Pretty much the same with Goodreads and Amazon reviews. Why didn’t this idiot realise? Didn’t they read it properly? What did they mean the character I worked hardest on is shallow? And isn’t she kind of like me?
Same motto for parents and writers: Bolster up what you have—support your child, write a better book, and remember not everyone likes everyone, nor do all people like all books. Even the best books get one-star ratings.
Yes, books are a lot like having kids.
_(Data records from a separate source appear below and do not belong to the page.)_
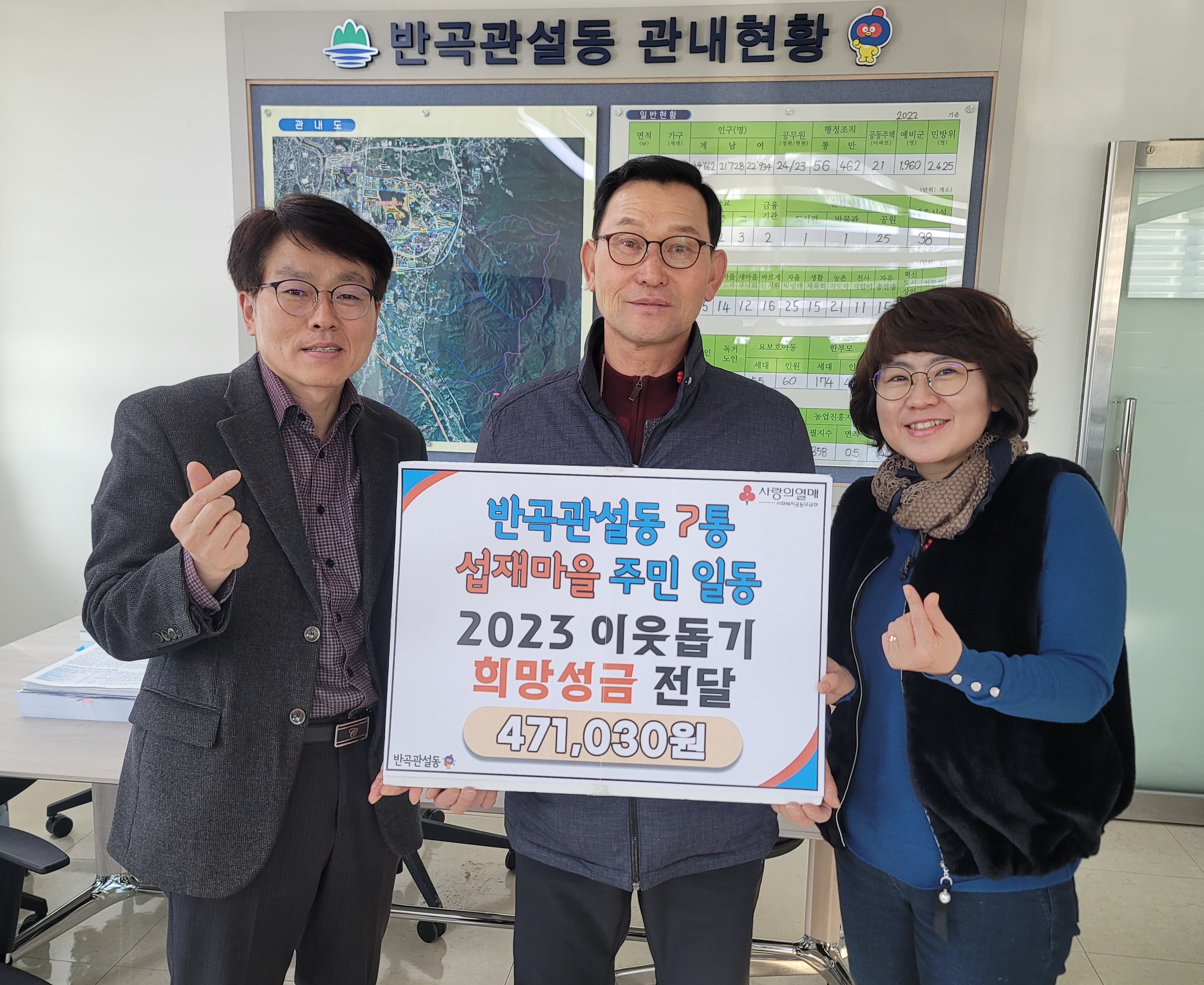 [강원사회복지신문 홍기한 기자]=원주시 반곡관설동 7통(통장 강인식) 섭재마을 주민 일동은 지난 12월 19일 반곡관설동 행정복지센터를 방문해 이웃돕기 성금 47만 원을 전달했다. 강인식 통장은 "저소득 가구가 따뜻한 겨울을 보내는 데 조금이나마 도움이 되기를 바라는 마음으로 섭재마을 주민들이 힘을 모아 후원하게 됐...
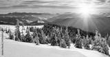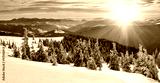 Snow covered trees and mountain peaks in the distance with sunlight and snow flakes.
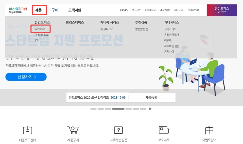 한글과 컴퓨터 홈페이지에 접속합니다. 이후 제품->한컴오피스->Windows로 이동합니다.
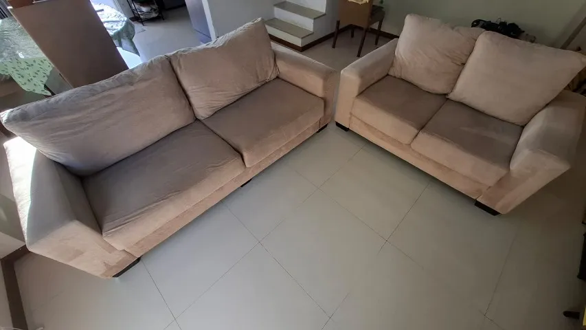Estrutura e tecido estão excelentes, sem rasgos nem nada quebrado. A espuma do sofá de 3 lugares está levemente cansada, mas ainda firme. O sofá de 2 lugares parece novo.

You love them more than anyone else and, like kids, you watch them go out into the world knowing someone will get something from them.
Fortunately for readers, the pain is all the authors, and the enjoyment is theirs.
The Long Shadow might be a good choice for you if:
- Youi like easy-reading page-turners that increases in pace towards a fast-thriller climax
- You want to escape to a country town—the town of Riley is definitely a character in this book
- You like to tease out and understand dynamics between people
- You have ever attended a mother-baby group and remember what it was like to have a young child
- You are fascinated by how our childhoods shape us
- You like watching the impact of small-town secrets
It’s probably not for you if you want a crime procedural—my heroine is a psychologist, athough a cop as a key character. It’s probably not for you if you want blood and gore—there is none as my dad was a pathologist!
Ha ha, never thought of getting a book into the world as being like childbirth, and now I can see why we’re all in so much anguish! And joy! And anguish!
The Long Shadow sounds excellent.
A great read, thanks Anne and Louise.
Childbirth is an apt metaphor for publishing a book! I totally hear you on the anguish! Thanks for reading and commenting, Fi, and all the best with your own writing. x
I like the idea of a town itself being a character. This one will be added to the list for sure, it sounds like my kind of book. Thanks Louise and thanks for writing it Anne!
It’s a great post! I’m looking forward to reading Anne’s book, too!